*What the task asks:* Omit the pictures and return every entry exactly as written.

○ ○ ○ ○

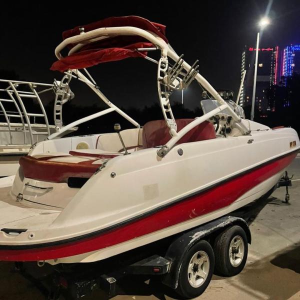 جت بوت امريكي 22 قدم نظيف يسع 9 اشخاص عليه مكينه ميركروز فيه مغسله ومسجل مع ليتات ويا القالوصه ومسرفس كامل بدون ضربات ولا شحفات .
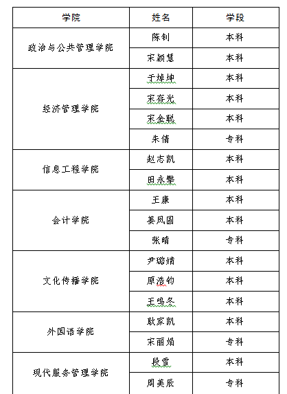 按照《关于做好2019年高校奖助学金评审工作的通知》(鲁学助〔2019〕22号)、《关于下达2019年普通高校奖助学金经费的通知》(鲁学助〔2019〕23号)要求,根据《山东青年政治学院国家奖学金评选管理办法》,学生工作处严格按照评选条件和评选工作程序,组织开展相关工作,产生了我校2019年度国家奖学金获奖学生候选名单,现公示如下:
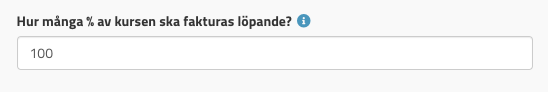 Vid löpande dyker denna inställning upp där ni kan styra hur många procent av kursen som ska faktureras löpande och hur mycket som ska betalas ut vid avslut. Om ni skriver in 70 nedan så kommer 30% att betalas ut vid kursens avslut.
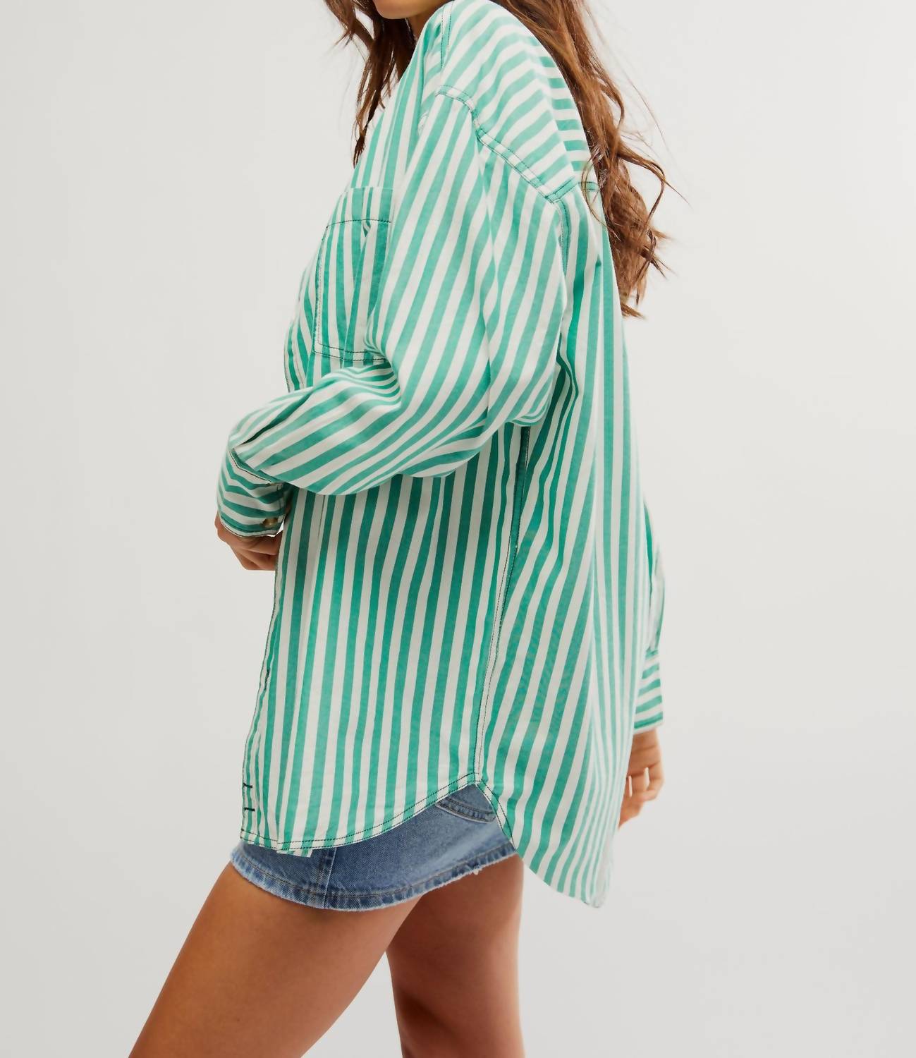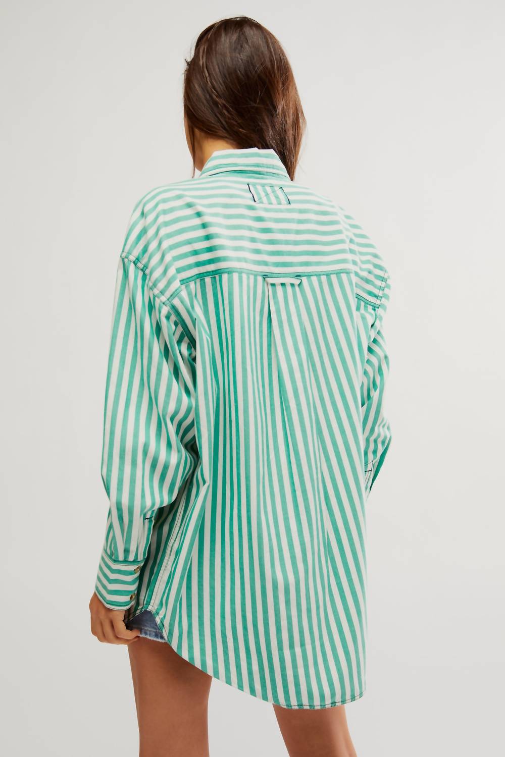 This button down shirt is comfortable yet polished. The Freddie Shirt by Free People is a must-have for any wardrobe, offering a chic French Green Combo with a stylish stripe pattern. This button-down shirt is crafted from 100% cotton, featuring long sleeves with cuffs, a collared neckline, and a convenient chest pocket. Designed for a slouchy and oversized fit, it has a dropped shoulder and a shirttail hem for added style. Button closure. Machine wash, tumble dry.
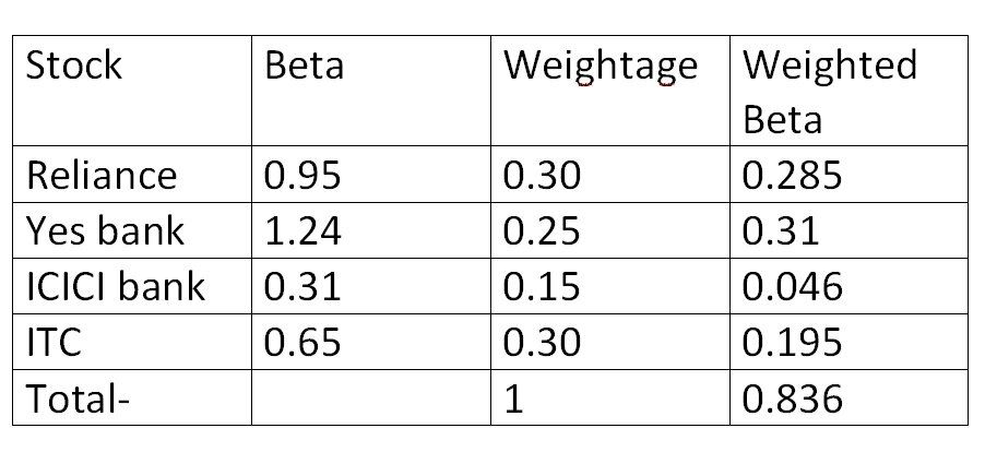 To calculate the overall beta of a portfolio one has to find out the Beta values of Individual stocks according to the weightage of individual stocks.
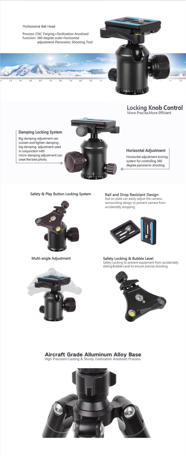Supports up to 22lbs – Traveler tripod with 180 °ree leg folding mechanism and creative automatic pull-down leg angle lock mechanism make the angle adjustment more easier, which is the perfect solution in terms of stability and convenience for hobbyist photographers.
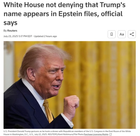 路透社報(bào)道,一名政府官員稱,白宮并未否認(rèn)特朗普總統(tǒng)的名字出現(xiàn)在愛(ài)潑斯坦案的相關(guān)文件中
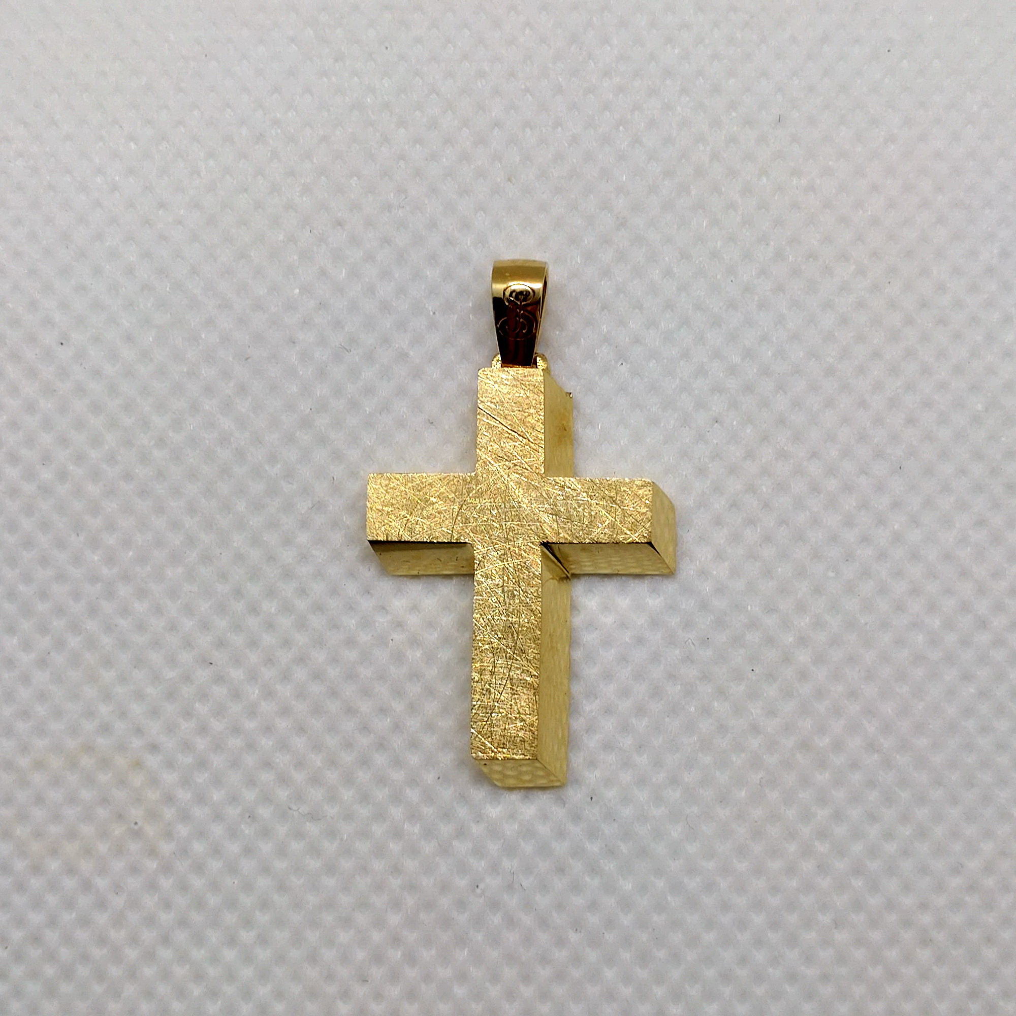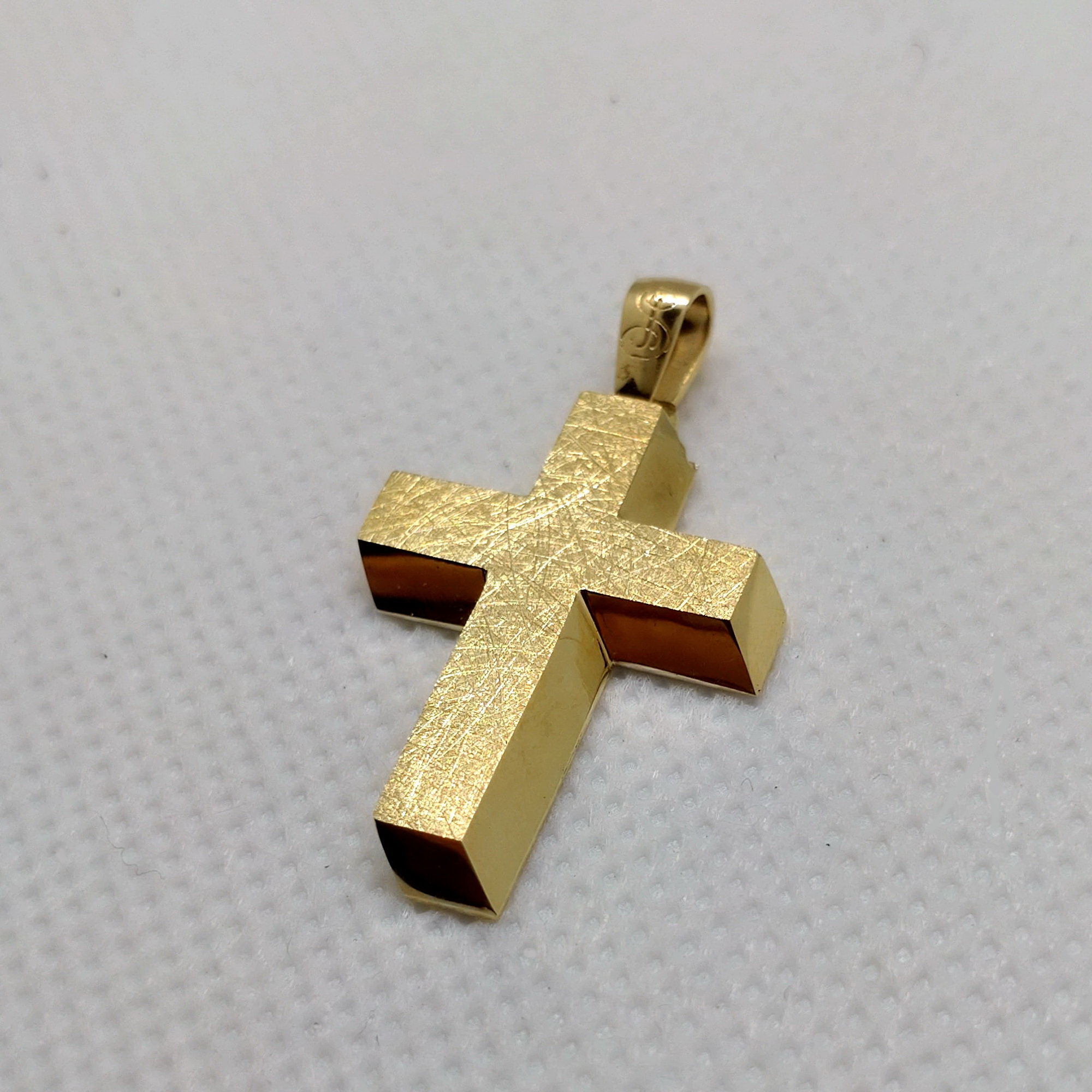 Σταυρός με τρισδιάστατο όγκο. Γυαλισμένο κίτρινο χρυσό στις πλαϊνές επιφάνειες, μάτι φινίρισμα στο κέντρο.. 14Κ κίτρινο χρυσό. Δυνατότητα χάραξης ονόματος ( προσφέρεται δωρεάν ). Παρακαλούμε επιλέξτε στο καλάθι σας το προϊόν Χάραξη Σταυρού Δωρεάν ). Στις αναγραφείσες διαστάσεις περιλαμβάνεται ο κρίκος.

○ ○ ○ ○

*Expected answer:*
 جت بوت امريكي 22 قدم نظيف يسع 9 اشخاص عليه مكينه ميركروز فيه مغسله ومسجل مع ليتات ويا القالوصه ومسرفس كامل بدون ضربات ولا شحفات .
 按照《关于做好2019年高校奖助学金评审工作的通知》(鲁学助〔2019〕22号)、《关于下达2019年普通高校奖助学金经费的通知》(鲁学助〔2019〕23号)要求,根据《山东青年政治学院国家奖学金评选管理办法》,学生工作处严格按照评选条件和评选工作程序,组织开展相关工作,产生了我校2019年度国家奖学金获奖学生候选名单,现公示如下:
 Vid löpande dyker denna inställning upp där ni kan styra hur många procent av kursen som ska faktureras löpande och hur mycket som ska betalas ut vid avslut. Om ni skriver in 70 nedan så kommer 30% att betalas ut vid kursens avslut.
 This button down shirt is comfortable yet polished. The Freddie Shirt by Free People is a must-have for any wardrobe, offering a chic French Green Combo with a stylish stripe pattern. This button-down shirt is crafted from 100% cotton, featuring long sleeves with cuffs, a collared neckline, and a convenient chest pocket. Designed for a slouchy and oversized fit, it has a dropped shoulder and a shirttail hem for added style. Button closure. Machine wash, tumble dry.
 To calculate the overall beta of a portfolio one has to find out the Beta values of Individual stocks according to the weightage of individual stocks.
Supports up to 22lbs – Traveler tripod with 180 °ree leg folding mechanism and creative automatic pull-down leg angle lock mechanism make the angle adjustment more easier, which is the perfect solution in terms of stability and convenience for hobbyist photographers.
 路透社報(bào)道,一名政府官員稱,白宮并未否認(rèn)特朗普總統(tǒng)的名字出現(xiàn)在愛(ài)潑斯坦案的相關(guān)文件中
 Σταυρός με τρισδιάστατο όγκο. Γυαλισμένο κίτρινο χρυσό στις πλαϊνές επιφάνειες, μάτι φινίρισμα στο κέντρο.. 14Κ κίτρινο χρυσό. Δυνατότητα χάραξης ονόματος ( προσφέρεται δωρεάν ). Παρακαλούμε επιλέξτε στο καλάθι σας το προϊόν Χάραξη Σταυρού Δωρεάν ). Στις αναγραφείσες διαστάσεις περιλαμβάνεται ο κρίκος.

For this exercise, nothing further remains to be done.